But now let’s get back to our sample code that is supposed to do array resizing:
int* myArray = malloc( sizeof(int) * 20 ); // could write int myArray[20]; instead.
The sizeof()
function in the sample code simply gives you the number of bytes you need to store a particular type. Because, while in our examples I usually pretended an int
was 4 bytes in size (or 32 bits), on older computers like the original Macintosh with its 68000 CPU, they were actually only 2 bytes long (or 16 bits), and on more modern 64-bit CPUs, they can even be 8 bytes long (or 64 bits). So, we use sizeof()
here to let the compiler tell us how large its ints are, instead of risking a wrong guess and a crash.
Now, the sample code above only creates a 20-element array. However, since you’re calling a function to create it and calculating the size for the memory, instead of 20 you could just have a variable in the calculation:
int* myArray = malloc( sizeof(int) * numItems );
The astute observer will notice that I’m not resizing anything here. But we have a dynamic array. If you need to resize an array, create a new one with the new size, copy all your array elements over and then get rid of the old array. How you get rid of the old one?
free( myArray ); // free is defined as "void free( void* pointerToBeFreed );"
It’s as easy as that. free()
simply tells the operating system that you don’t need the memory anymore and that it can reuse it when another part of your program asks for some memory. Once you have called free()
, you mustn’t use the memory the pointer points to anymore:
char* myText = malloc( 100 * sizeof(char) );
myText[0] = 'A'; // Fine.
myText[1] = 'B'; // Perfectly valid.
free( myText );
myText[2] = 'C'; // No! This will go BANG!
Just like in our earlier example where we ran off the end of an array, we’re stomping on memory that doesn’t belong to us anymore. Especially on today’s computers, where the operating system may be running several programs at once, you don’t know whether your memory hasn’t been reused already by the time you assign 'C'
. And anyway, why tell the operating system you’re done using the memory pointed to by myText
and then use it anyway? Compulsive liars aren’t popular, particularly in operating system circles.
So, is resizing an array really that hard? Do I really have to move everything over? Well, the computer has to do it anyway, but there’s a shorthand for this.
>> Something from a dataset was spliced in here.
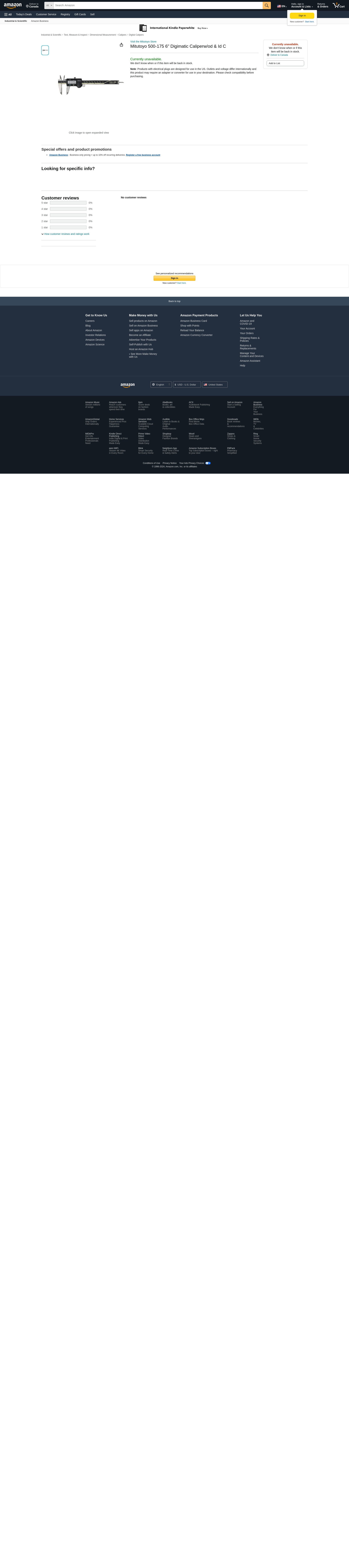 Mitutoyo 500-175 6" Digimatic Caliperw/od & Id C

It’s a function called realloc()
. realloc()
is defined as:
void* realloc( void* originalPointer, int newSize );
and you use it like:
char* myText = malloc( 2 * sizeof(char) );
char* myLargerText = 0;
myText[0] = 'A'; // Fine.
myText[1] = 'B'; // Perfectly valid.
// . . . some more stuff happens here . . .
// We need to store a third char? Make it larger!
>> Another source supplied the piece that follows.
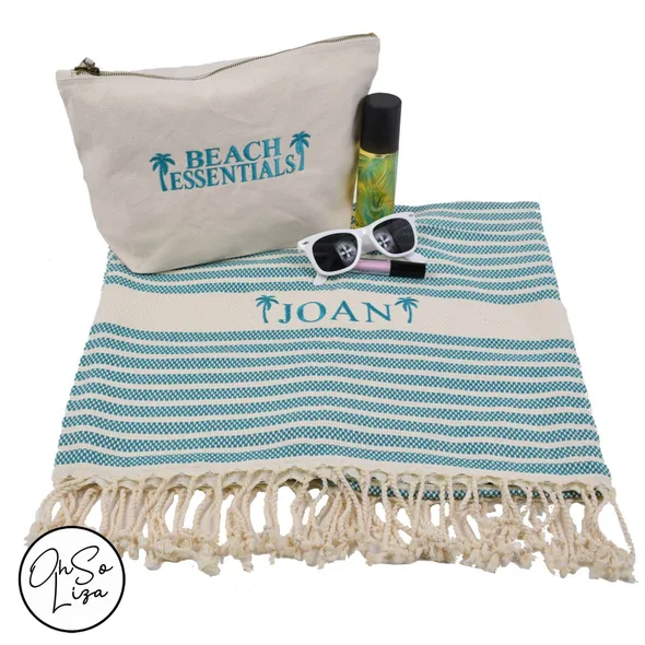 Welcome to Oh So Liza and thank you for visiting my shop. Have you been looking for the perfect gift with style to show off this summer, this boardwalk beach bag delivers as a key statement piece for fans of the popular maxi-bag style. Then add in the Turkish Beach Towel with a Beach Essentials Mini Bag it shouts Chic all the way to the beach. The bag offers a chunky rope carry handle offering a classic nautical styling while premium brushed canvas makes this a robust choice for a day at the beach. With an inside zipper pocket to keep your small items safe on the sand. The towel can be folded to a very compact package and the essentials bag keeps all those littler items in one place. The perfect go to Beach Set for any occasion. ???? ABOUT YOUR TOWEL AND ESSENTIALS BAG SET???? **********TURKISH BEACH TOWEL************* These beautiful towels are handwoven in an authentic way according to traditional patterns. This makes this towel very special and so very beautiful. The towels are made of 100% cotton, weigh only 430 gram and can be folded to a very compact package. Therefore, they are ideal for transport in your suitcase, backpack or beach bag. Take them on trips to the beach, to your boat, to the swimming pool, to the sauna or to the gym. Hamamzz® are traditionally woven in Turkey. The tassels are twisted and knotted by women by hand. Size One size (100 x 180cm) OR (40inches x 71 inches) ***ABOUT YOUR PLAIN ESSENTIAL BAG** Cotton Canvas Bag in PLAIN Black, Navy, Pink, Gray, Off White and Natural With A Durable Metal Vintage style metal. Dimensions L - 13 x 9 x 4.3 Inches, Perfect for your all your Creams ect ???? HOW TO ORDER???? 1. Select the Colour Towel you Would Like (from the drop down menu) 2. Select the Colour Essentials Bag you would like (from the drop down menu) Include in the Personalisation box the Thread Colour you would like adding to the Bag and Towel with Name/Text you would like embroidered on the Beach Towel NB (The thread colour will always be used to match the towel unless otherwise stated) Example We need 1 set Natural Essentials Bag Hot Pink Text ( Beach Essentials) to match towel Towel Pink Text Liza in Pink to match towel *THIS LISTING IS FOR THE PERSONALISED BAG, TOWEL ONLY, PROPS NOT INCLUDED* **If you would like a custom listing for a larger quantity of bags then please let me know and I will sort this out for you asap. Colours may appear different due to monitors/screens. Thank you for shopping with me. Oh Liza © All designs and images belong to OhSoLiza and are subject to Copyright - do not replicate in any way.

myLargerText = realloc( myText, 3 * sizeof(char) );
if( myLargerText != 0 ) // Success! myText has been freed, myLargerText contains our new pointer.
{
myLargerText[2] = 'C';
// . . . do something useful with our text here . . .
free( myLargerText ); // OK, we're done.
// realloc already freed myText, no need to dispose of that.
}
else
free( myText ); // OK, we're done.
realloc()
simply takes a pointer to some memory and creates a new larger chunk of memory, copies over all the data, free()
s the old memory, and then returns a pointer to the new chunk. If there is not enough memory for that, it returns 0 (zero) and doesn’t dispose of the old memory.
Of course, you can also use realloc()
to make your array smaller. In that case, items at the end of your array will simply be cut off. So, you’ll still have to write your own code to move around data if you want to insert or delete array items in the middle.
While the operating system will make your memory block smaller, it will not clear the memory after it. So, if you make an array smaller and then access an item beyond the end of it, you may very well still get the data you last wrote there. This is one of the things that makes memory bugs so hard to track down.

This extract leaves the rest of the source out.